◆ Exercise details: So that the copy stays text only, transcribe the data below exactly and exclude the images.

◆ Data excerpt:

· · · · ·

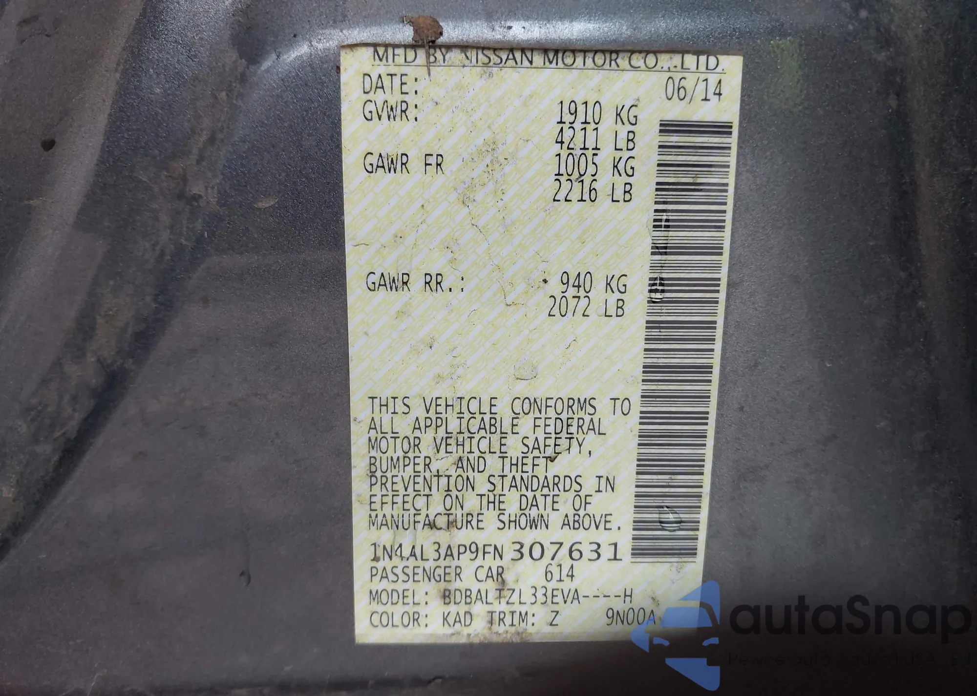 The car Nissan Altima 2015 (VIN 1N4AL3AP9FN307631) has not been auctioned before. The documents are clean, and the mileage matches or is below the market average. Sold by an insurance company – we recommend purchase. Delivery to the port will take approx. 6–8 weeks.
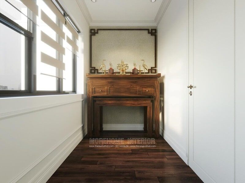 Nội thất phòng thờ chung cư được thiết kế để tạo ra một không gian sang trọng và thành kính.
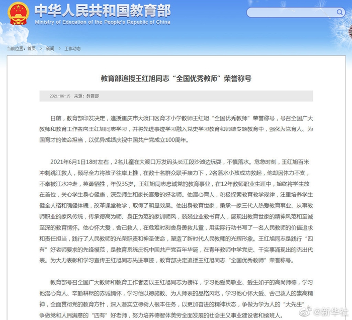 教育部日前印發(fā)決定,追授重慶市大渡口區(qū)育才小學(xué)教師王紅旭“全國優(yōu)秀教師”榮譽稱號。2021年6月1日18時左右,2名兒童在大渡口萬發(fā)碼頭長江段沙灘邊玩耍,不慎落水。危急時刻,王紅旭百米沖刺跳江救人,傾盡全力將孩子往岸上推,在數(shù)十名群眾聯(lián)手接力下,2名落水小孩成功救起,他卻因體力不支,不幸被江水沖走,英勇犧牲,年僅35歲。教育部號召全國廣大教師和教育工作者向王紅旭同志學(xué)習(xí),并將先進(jìn)事跡學(xué)習(xí)融入黨史學(xué)習(xí)教育和師德專題教育中,強化為黨育人、為國育才的使命擔(dān)當(dāng)。(記者王鵬)
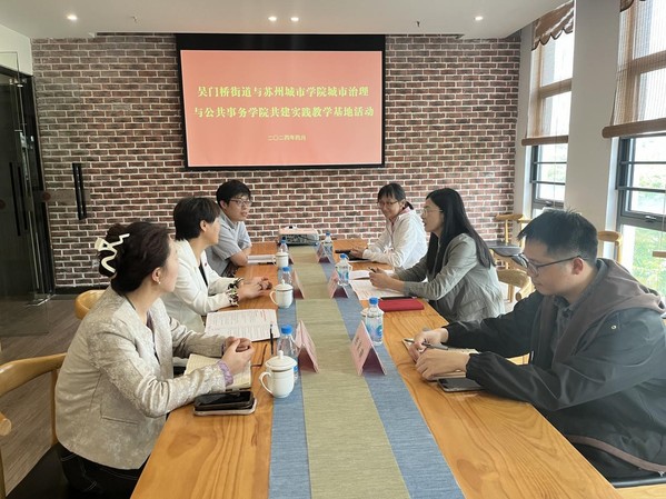 吴门桥街道对城市治理与公共事务学院教师代表的到来表示欢迎,并带领教师代表参观亲水吴门党群服务中心。参观后,双方进行座谈交流。丁艳玲详细介绍了吴门桥街道的基本情况,她表示,街道历来重视和高校的合作,下辖的29个社区也可提供志愿服务、实习实践和劳动教育的岗位和平台,同时期待与苏州城市学院城市治理与公共事务学院进一步加强合作,助力街道工作品牌化、特色化,街道也将结合学生的专业和人才优势,有针对性地做出实践计划和方案,切实提高学生实习实践能力。

· · · · ·

◆ Task output:
 The car Nissan Altima 2015 (VIN 1N4AL3AP9FN307631) has not been auctioned before. The documents are clean, and the mileage matches or is below the market average. Sold by an insurance company – we recommend purchase. Delivery to the port will take approx. 6–8 weeks.
 Nội thất phòng thờ chung cư được thiết kế để tạo ra một không gian sang trọng và thành kính.
 教育部日前印發(fā)決定,追授重慶市大渡口區(qū)育才小學(xué)教師王紅旭“全國優(yōu)秀教師”榮譽稱號。2021年6月1日18時左右,2名兒童在大渡口萬發(fā)碼頭長江段沙灘邊玩耍,不慎落水。危急時刻,王紅旭百米沖刺跳江救人,傾盡全力將孩子往岸上推,在數(shù)十名群眾聯(lián)手接力下,2名落水小孩成功救起,他卻因體力不支,不幸被江水沖走,英勇犧牲,年僅35歲。教育部號召全國廣大教師和教育工作者向王紅旭同志學(xué)習(xí),并將先進(jìn)事跡學(xué)習(xí)融入黨史學(xué)習(xí)教育和師德專題教育中,強化為黨育人、為國育才的使命擔(dān)當(dāng)。(記者王鵬)
 吴门桥街道对城市治理与公共事务学院教师代表的到来表示欢迎,并带领教师代表参观亲水吴门党群服务中心。参观后,双方进行座谈交流。丁艳玲详细介绍了吴门桥街道的基本情况,她表示,街道历来重视和高校的合作,下辖的29个社区也可提供志愿服务、实习实践和劳动教育的岗位和平台,同时期待与苏州城市学院城市治理与公共事务学院进一步加强合作,助力街道工作品牌化、特色化,街道也将结合学生的专业和人才优势,有针对性地做出实践计划和方案,切实提高学生实习实践能力。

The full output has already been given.